Vigilar cómo el agua desaparece de una cubeta metálica
Ingenieros e hidrólogos frecuentemente usan la “evaporación en pan” como una forma práctica de estimar la rapidez con que el agua abandona superficies abiertas. Una cubeta metálica poco profunda llena de agua representa a lagos, canales y embalses. Sin embargo, estas mediciones son susceptibles a fallos de instrumento, problemas de mantenimiento y lagunas en los registros. Las fórmulas indirectas que relacionan la evaporación con variables climáticas, como la temperatura y la radiación solar, también fallan cuando faltan datos clave. Dado que la evaporación responde de manera compleja y no lineal a las condiciones meteorológicas y del paisaje, los enfoques tradicionales pueden equivocarse al estimar cuánta agua se perderá, especialmente en regiones donde solo hay disponibles unas pocas variables climáticas básicas.

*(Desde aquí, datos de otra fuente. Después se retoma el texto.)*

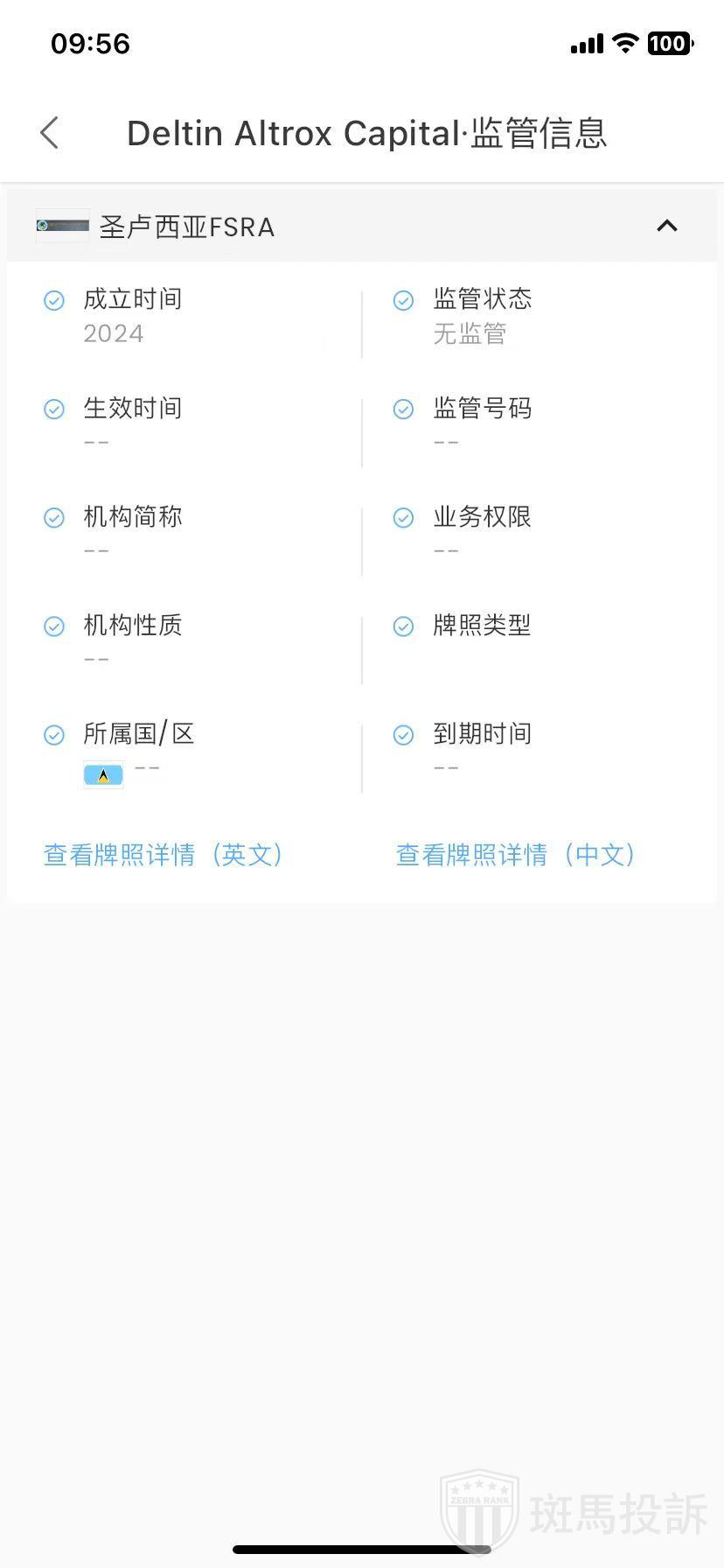 Deltin Altrox Capital,在FxGecko显示1家监管信息。持有的圣卢西亚FSRA监管状态为无监管。投资者资金安全无保障!

Enseñar a un modelo con memoria a leer el tiempo
Los autores se basan en un tipo de red de aprendizaje profundo llamada memoria a largo plazo (LSTM), diseñada para aprender patrones en datos ordenados temporalmente. Las LSTM actúan como una serie de “celdas de memoria” enlazadas que deciden qué conservar, qué olvidar y qué transmitir, por lo que son adecuadas para seguir las condiciones climáticas cambiantes mes a mes. En este estudio, los modelos usan solo un pequeño conjunto de entradas: temperatura mínima y máxima del aire y una medida de la energía solar entrante. El objetivo es predecir cuánta agua se evapora de un pan cada mes a lo largo de muchos años, manteniéndose fiables incluso cuando la información de entrada es limitada o incompleta.
Dejar que protozoos y escarabajos guíen la búsqueda
Entrenar una LSTM implica elegir muchos parámetros internos —como la tasa de aprendizaje, el número de unidades ocultas y la tasa de abandono— que influyen fuertemente en su precisión. En lugar de ajustarlos por ensayo y error, los investigadores emplean dos nuevos optimizadores metaheurísticos inspirados en la biología: el Optimizador Artificial de Protozoos (APO) y el Optimizador del Escarabajo Pelotero (DBO). Estos algoritmos imitan cómo los protozoos microscópicos buscan alimento, descansan y se reproducen, y cómo los escarabajos peloteros ruedan, reorientan, roban y anidan con sus bolas de estiércol. En forma matemática, sus comportamientos se traducen en estrategias de búsqueda flexibles que vagan ampliamente al principio y luego se concentran en regiones prometedoras del espacio de parámetros. Al acoplar APO y DBO a la LSTM, el estudio crea dos modelos híbridos —LSTM‑APO y LSTM‑DBO— que buscan automáticamente combinaciones de hiperparámetros que proporcionen los pronósticos de evaporación más fiables.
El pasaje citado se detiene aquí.